Wednesday, September 16, 2015

Dawkins to purge those with unjustified beliefs

In this audio interview with Neil deGrasse Tyson, the leftist-atheist-evolutionist Richard Dawkins favors firing a professional who has idiosyncratic beliefs that are irrelevant to his profession:
I don't think that he should be employed in a hospital, because what you are saying about that man -- He has the kind of mind that is so adrift with reality, that even if he is a competent eye surgeon, I don't think that he could/should be trusted. [at 20:00]
I wonder how anyone would hold a job under such a standard, and how you would ever get eye surgery done. Dawkins makes it clear that he is talking about beliefs that have no bearing on the practice of eye surgery.

His main target is organized religion and other views that he considers anti-science. But, as I often post on this blog, our most brilliant professors at our most prestigious universities hold all sorts of anti-science views. And I just focus on the hard sciences like Physics. The situation is much worse in the humanities and social sciences.

To me, believing in the multiverse, or string theory, or black hole information is just as wacky as Dawkins' examples. I am tempted to add supersymmetry and quantum computing to the list.

It is the political Left that always wants to root out people for their beliefs, and purge them somehow. I am not trying to get these professors fired. I just want to determine if what they say is right or wrong.

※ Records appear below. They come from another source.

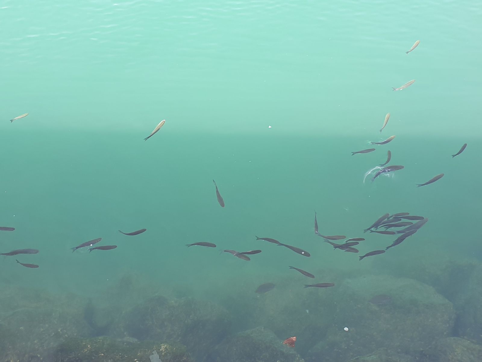 Im Jachthafen liegen Boote still auf dem Wasser und an einer Stelle können wir kleine Fischschwärme beobachten.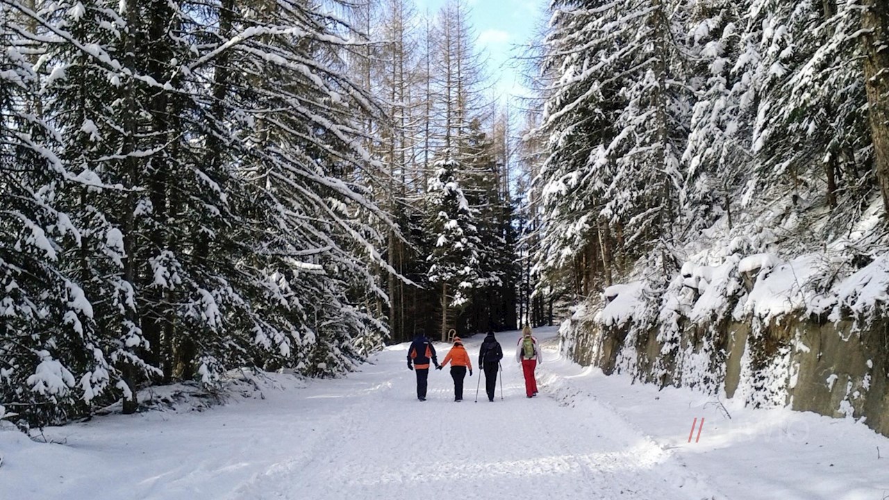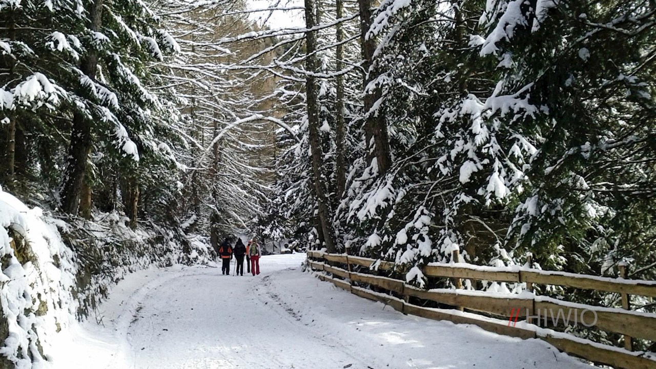 Von dort wandert man auf der breiten, stets wohlpräparierten Rodelbahn durch einen lichten Wald, der immer wieder schöne Ausblicke auf den Sterzinger Talkessel und die umliegende Bergwelt freigibt.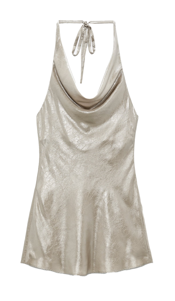 Dressing up for when the weather is colder does not mean we need to completely cover up, we can still go out in our dazzling dresses. This metallic draped dress from Zara matches the going out memo for this season, with the iridescent silver colour reflecting the sparkling theme. The cowl neckline also adds an elegant touch and fits the luxurious design alongside the material.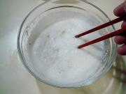 糊的硬度,以能在中间戳一双筷子竖立不倒为标准,然后把蛋清糊倒入碗中,里面加入干淀粉拌匀。
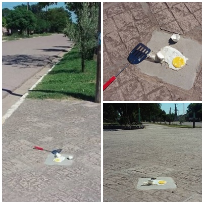 Nacionales | Mientras la sensación térmica superaba los 50 grados, el intendente de la localidad santiagueña de Pozo Hondo, Claudio Nicolau, realizó el sábado la llamativa prueba de freir un huevo en la vereda de la plaza principal del pueblo.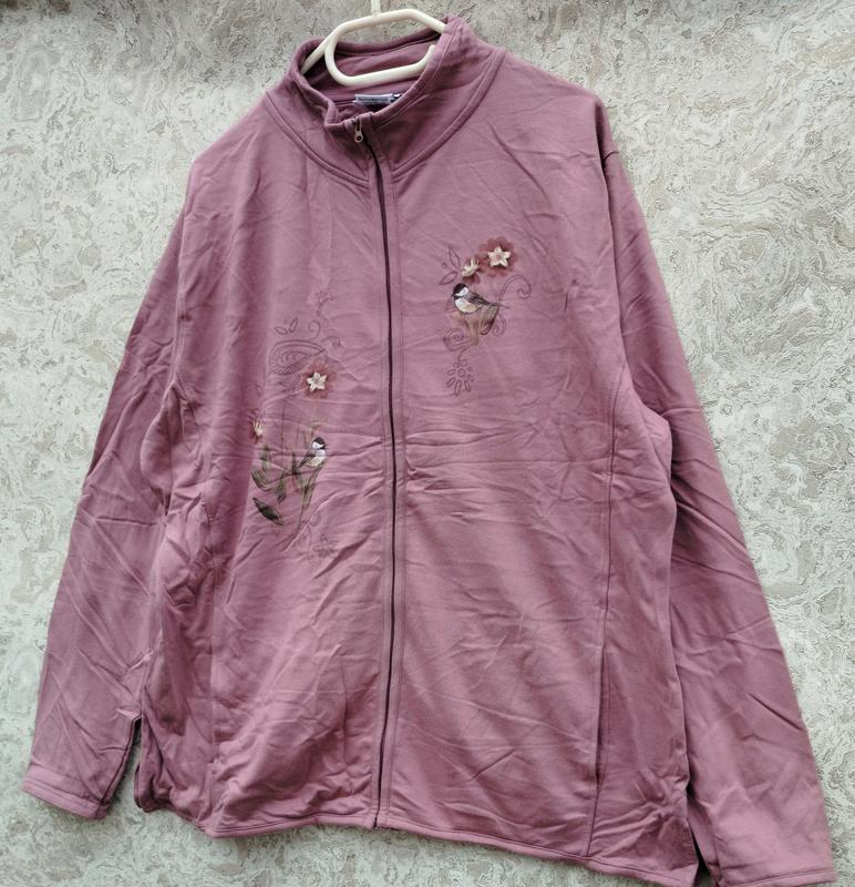 Секенд Америка примята с мешка длинна от шеи к низу 72см длинна рукава от шеи к низу 81см ширина от подмышки до подмышки 64см талия 58см низ 63см цвет светло фиолет,лиловый???фото искажает) ткань трёх нить средней плотности обмена и возврата нет!

The great majority of the public holds religious views that are not backed up by scientific findings. Jerry Coyne argues, like Dawkins, that it is all in conflict with science. See this debate with a philosopher who says that most religious
According to a new paper by Neil Van Leeuwen, religious “credence” is nothing like mundane factual belief. It has, he claims, more in common with fictional imaginings. Religious folk do not really “believe” – in the ordinary sense of the word – what they profess to believe. Like fictional imaginings, but unlike factual beliefs, religious credences are activated only within specific settings.
That is, religious belief can be like a small child with an imaginary friend. The child sometimes acts as if the friend is real, but if pressed against some concrete factual consequence, the child obviously understands that the child is not real.

1 comment:

  1. Maybe Dawkins should fire group theorists studying connections made between sporadic groups and 26-dimensional string theory. Freeman Dyson on the Monster group: "The only argument I can produce in its favor is a theological one. We have strong evidence that the creator of the universe loves symmetry, and if he loves symmetry, what lovelier symmetry could he find than the symmetry of the monster?"